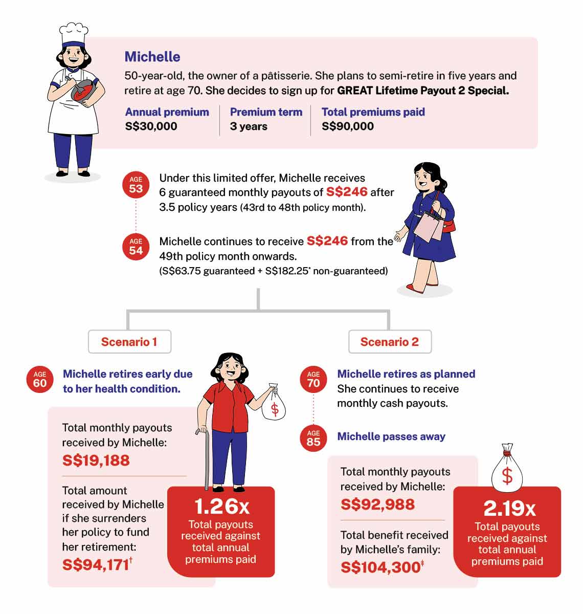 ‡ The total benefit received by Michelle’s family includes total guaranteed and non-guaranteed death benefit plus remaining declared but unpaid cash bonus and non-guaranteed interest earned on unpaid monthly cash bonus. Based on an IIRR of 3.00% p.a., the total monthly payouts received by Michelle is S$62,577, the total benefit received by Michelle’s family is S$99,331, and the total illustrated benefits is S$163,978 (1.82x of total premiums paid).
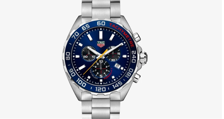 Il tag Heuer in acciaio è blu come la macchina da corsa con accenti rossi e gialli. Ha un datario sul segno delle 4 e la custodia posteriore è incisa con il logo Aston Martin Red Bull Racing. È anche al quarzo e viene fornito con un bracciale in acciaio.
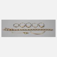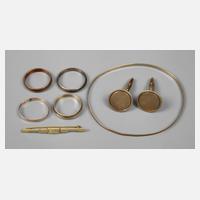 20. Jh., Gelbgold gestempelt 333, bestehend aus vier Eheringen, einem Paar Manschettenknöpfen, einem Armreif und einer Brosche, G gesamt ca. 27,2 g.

====

→ Aim of the exercise
Copy out every line of the data above, taking care to leave the pictures out.

→ Result
 ‡ The total benefit received by Michelle’s family includes total guaranteed and non-guaranteed death benefit plus remaining declared but unpaid cash bonus and non-guaranteed interest earned on unpaid monthly cash bonus. Based on an IIRR of 3.00% p.a., the total monthly payouts received by Michelle is S$62,577, the total benefit received by Michelle’s family is S$99,331, and the total illustrated benefits is S$163,978 (1.82x of total premiums paid).
 Il tag Heuer in acciaio è blu come la macchina da corsa con accenti rossi e gialli. Ha un datario sul segno delle 4 e la custodia posteriore è incisa con il logo Aston Martin Red Bull Racing. È anche al quarzo e viene fornito con un bracciale in acciaio.
 20. Jh., Gelbgold gestempelt 333, bestehend aus vier Eheringen, einem Paar Manschettenknöpfen, einem Armreif und einer Brosche, G gesamt ca. 27,2 g.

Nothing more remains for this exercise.